See Tommey v. Computer Sciences Corp., No. 11-2214-EFM, 2012 WL 646022, at *2 (D. Kan. Feb. 28, 2012); Davis v. Turner Unified Sch. Dist. No. 202, No. 10-2381-KHV, 2011 WL 1230463, at *5 (D. Kan. Mar. 29, 2011). The court recognizes that in both Tommey and Davis, the party opposing the proposed amendment based its challenge solely on the grounds of futility. Here, defendant challenged plaintiff's proposed amendments on the bases of undue delay, undue prejudice, and futility. Because defendant's first two grounds are completely without merit, the court concludes it may exercise discretion to allow the amended complaint as set forth in Tommey and Davis. --------
Accordingly, the undersigned recommends the presiding judge deny plaintiff's request to amend the complaint by adding a claim for out-of-pocket medical expenses and grant plaintiff's request to add his wife as a party and add a claim for nursing care rendered by plaintiff's wife. Defendant shall file any motion to dismiss within the time frame set forth in Fed. R. Civ. P. 15(a)(3).
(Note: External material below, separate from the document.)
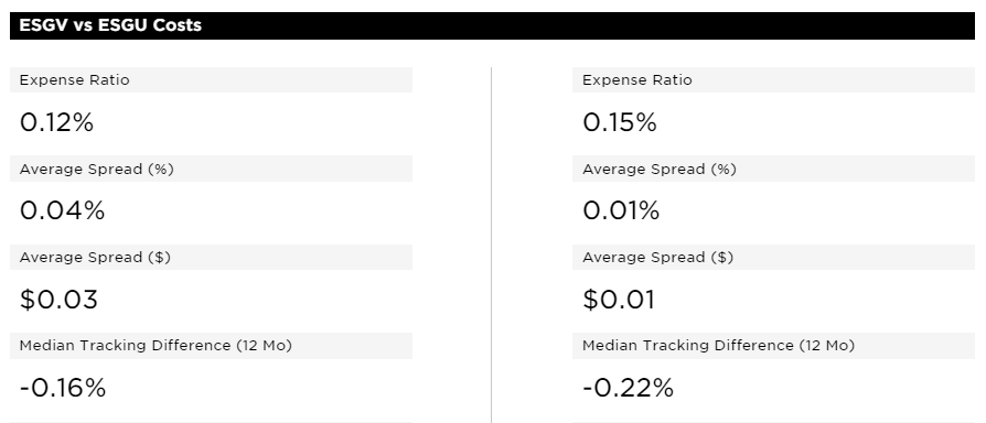 미국 ETF ESGV와 ESGU 비용 비교

The parties are hereby informed that, within 14 days after a party is served with a copy of this report and recommendation, that party may, pursuant to 28 U.S.C. § 636(b)(1) and Fed. R. Civ. P. 72, file written objections to the report and recommendation. A party must file any objections within the 14 day period allowed if that party wants to have appellate review of the proposed findings of fact, conclusions of law, or the recommended disposition. If no objections are timely filed, no appellate review will be allowed by any court.
IT IS SO ORDERED.
Dated January 10, 2013, at Kansas City, Kansas.